PROVIDED DATA
====

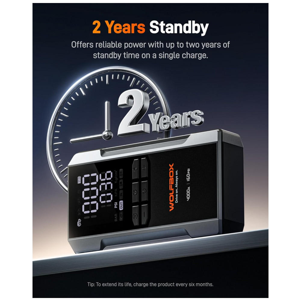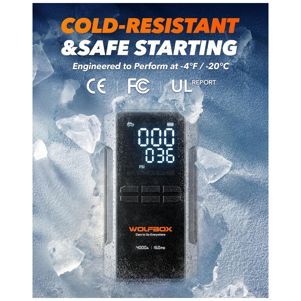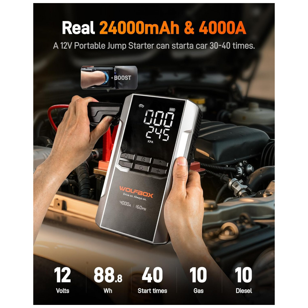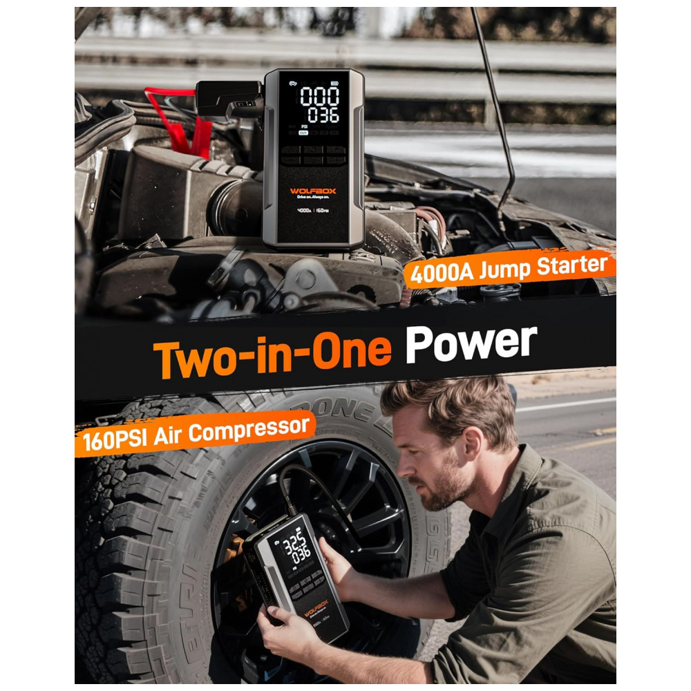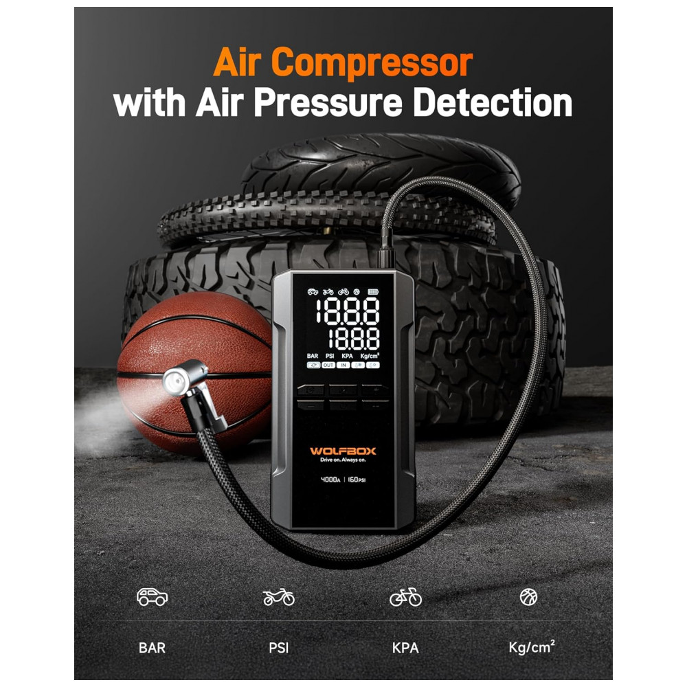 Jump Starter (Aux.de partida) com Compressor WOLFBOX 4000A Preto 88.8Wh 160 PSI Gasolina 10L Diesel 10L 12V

====

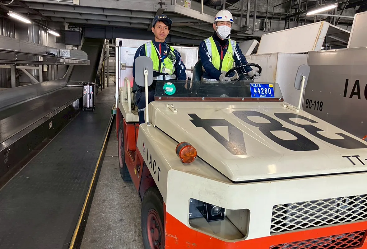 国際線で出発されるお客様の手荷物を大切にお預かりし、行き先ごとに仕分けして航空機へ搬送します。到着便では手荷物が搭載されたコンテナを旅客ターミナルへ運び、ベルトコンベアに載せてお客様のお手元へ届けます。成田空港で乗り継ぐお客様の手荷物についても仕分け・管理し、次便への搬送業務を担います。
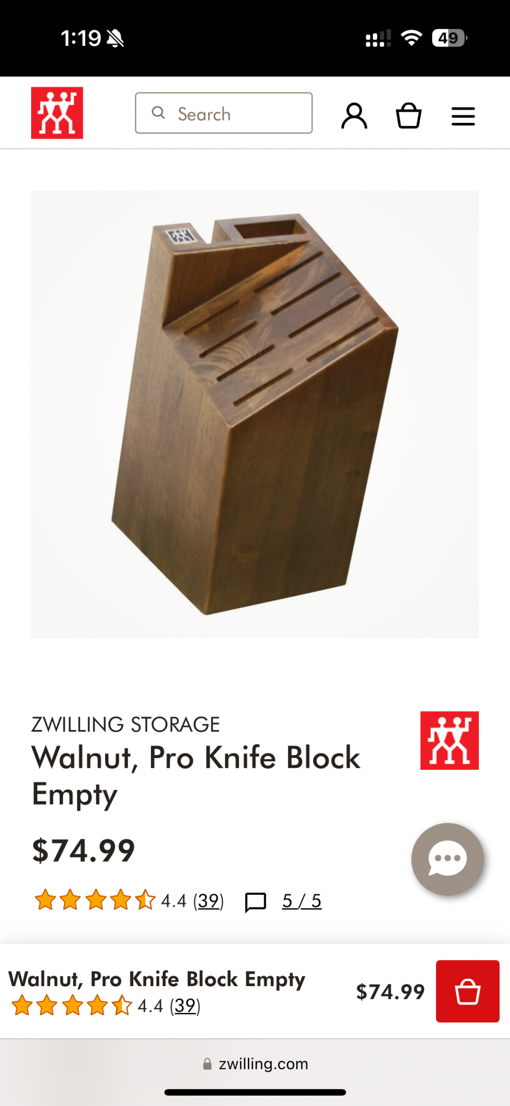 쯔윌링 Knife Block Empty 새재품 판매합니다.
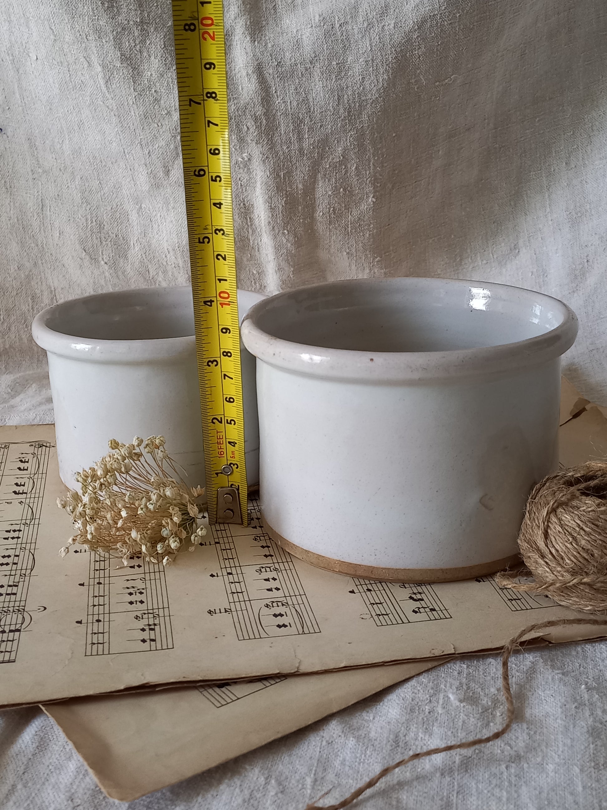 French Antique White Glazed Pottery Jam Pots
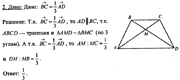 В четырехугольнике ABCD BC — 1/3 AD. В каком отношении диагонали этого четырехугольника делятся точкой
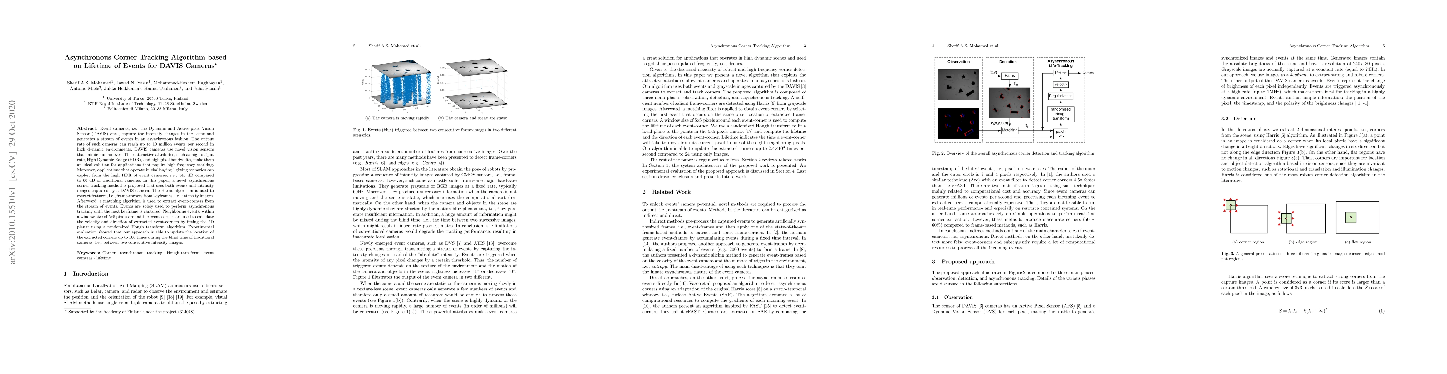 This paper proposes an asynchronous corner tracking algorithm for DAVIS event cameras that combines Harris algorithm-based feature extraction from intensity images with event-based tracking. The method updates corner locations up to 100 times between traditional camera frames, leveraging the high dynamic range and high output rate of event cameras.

====

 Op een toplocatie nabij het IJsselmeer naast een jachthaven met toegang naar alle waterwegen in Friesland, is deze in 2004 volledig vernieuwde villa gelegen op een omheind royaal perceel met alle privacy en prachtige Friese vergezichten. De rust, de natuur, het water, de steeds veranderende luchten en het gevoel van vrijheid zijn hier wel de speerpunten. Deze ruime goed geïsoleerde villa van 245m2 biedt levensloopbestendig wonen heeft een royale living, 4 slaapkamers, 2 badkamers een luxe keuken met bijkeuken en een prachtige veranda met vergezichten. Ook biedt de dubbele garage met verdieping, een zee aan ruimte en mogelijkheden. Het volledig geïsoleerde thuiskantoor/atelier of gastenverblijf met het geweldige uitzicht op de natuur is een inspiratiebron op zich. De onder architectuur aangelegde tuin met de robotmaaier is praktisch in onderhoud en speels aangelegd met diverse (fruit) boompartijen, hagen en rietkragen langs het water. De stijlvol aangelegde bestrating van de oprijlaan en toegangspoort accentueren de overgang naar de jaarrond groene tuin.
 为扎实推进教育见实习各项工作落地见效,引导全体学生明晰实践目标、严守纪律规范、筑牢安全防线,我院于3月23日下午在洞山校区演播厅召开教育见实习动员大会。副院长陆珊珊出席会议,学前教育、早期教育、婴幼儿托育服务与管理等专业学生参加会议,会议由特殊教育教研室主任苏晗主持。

====

ABOUT THIS TASK
From the records above, transcribe only the stretch from the line with "쯔윌링 Knife Block Empty 새재품 판매합니다." through the line with "В четырехугольнике ABCD", keeping both ends. Omit pictures.

SOLUTION BELOW
 쯔윌링 Knife Block Empty 새재품 판매합니다.
 French Antique White Glazed Pottery Jam Pots
 В четырехугольнике ABCD BC — 1/3 AD. В каком отношении диагонали этого четырехугольника делятся точкой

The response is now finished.